While homeowners shouldn’t rush to borrow from their home’s equity, it can be the right move for some purchases and investments. Tapping into home equity provides a sudden boost in the capital that can cover financial shortcomings. You get the money for an important expense immediately and can repay it gradually.
Homeowners can save enough money for these expenses, but some purchases and investments only present themselves for a limited time. Waiting to accumulate enough money can result in missed opportunities and experiences. You may miss out on a great investment or a wonderful getaway by accumulating funds without considering your home’s equity.
7 Common Ways to Use Your Home Equity
Homeowners can use their home equity in any way they desire.
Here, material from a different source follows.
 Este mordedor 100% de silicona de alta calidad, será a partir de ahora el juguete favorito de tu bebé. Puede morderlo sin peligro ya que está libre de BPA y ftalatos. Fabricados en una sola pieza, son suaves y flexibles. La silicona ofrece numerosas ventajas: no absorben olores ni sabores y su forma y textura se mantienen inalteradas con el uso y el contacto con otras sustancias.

However, most people use a home equity line of credit or another financing method for one of these common reasons.
1. Buy a New Home
A home equity loan can provide enough financing to afford a new home. Some people use a home equity loan to buy a second home, but it’s also common to see home equity loans in action during transitions. Some homeowners will find their next home before finalizing a deal on their current home. You don’t want to miss out on your next home because you don’t have the proceeds yet. Homeowners making a move often sell their current homes. You can utilize your home equity to purchase the new home and give yourself enough money to cover a few mortgage payments.
Taking out enough equity makes two mortgage payments more doable until you find someone to buy your current home. If you are buying a second home, you can use home equity to cover the down payment and then manage both mortgage payments. Without home equity, it can take several years to save enough money for a down payment. You may lose out on great opportunities and watch prices rise if you wait too long. Home equity accelerates your path to a second home or a new property.
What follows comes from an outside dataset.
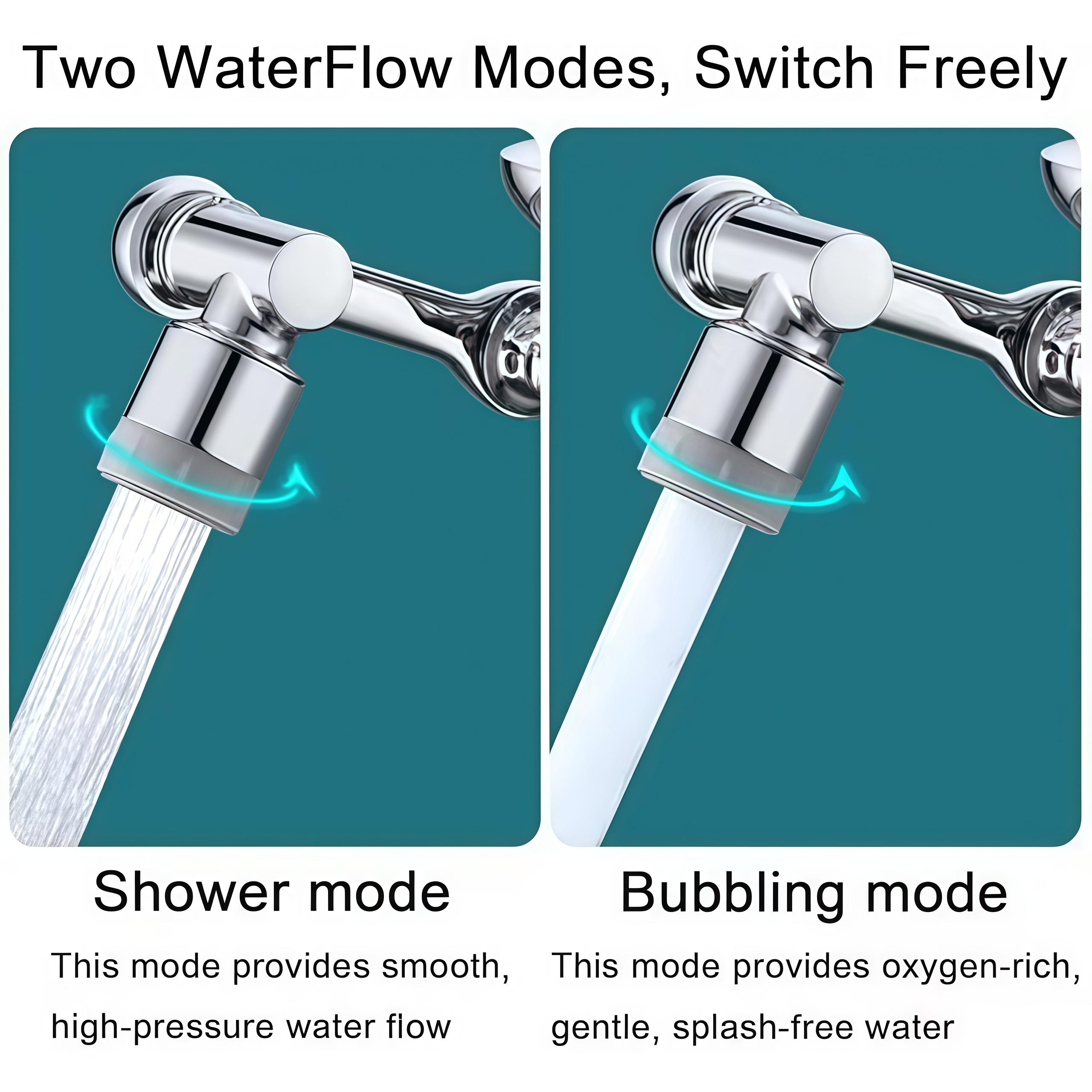 【Full 1440° Rotation – Total Sink Control】 The 1080° Rotating Faucet Extender features a unique 4-joint design The faucet extender for kitchen sink innovatively adopts a rotate, bend and fold360° rotation design to achieve 1080°--1440° rotation, so that any corner of the sink can be easily reached, without the effort of moving items, and rotating faucet aerator can easily cope with various scenarios

2. Use It for Your Retirement
People work for several decades and save some money to prepare for retirement. You can put your money to work in a portfolio and collect cash flow, but you can also take out a home equity loan. A home equity line of credit lets you borrow against your home without making fixed monthly payments. Some people hope the home equity loan outlives them. Then, their heirs get the home and can pay off the home equity loan by selling the house.
The only risk with this strategy is if you outlive your home equity payouts. You will then need an additional funding source and have high debt. Most people have limited income options by the time they have exhausted home equity during their retirement years. Some companies like Unison let you access debt-free home equity. You won’t have to worry about making monthly payments or contending with rising interest rates.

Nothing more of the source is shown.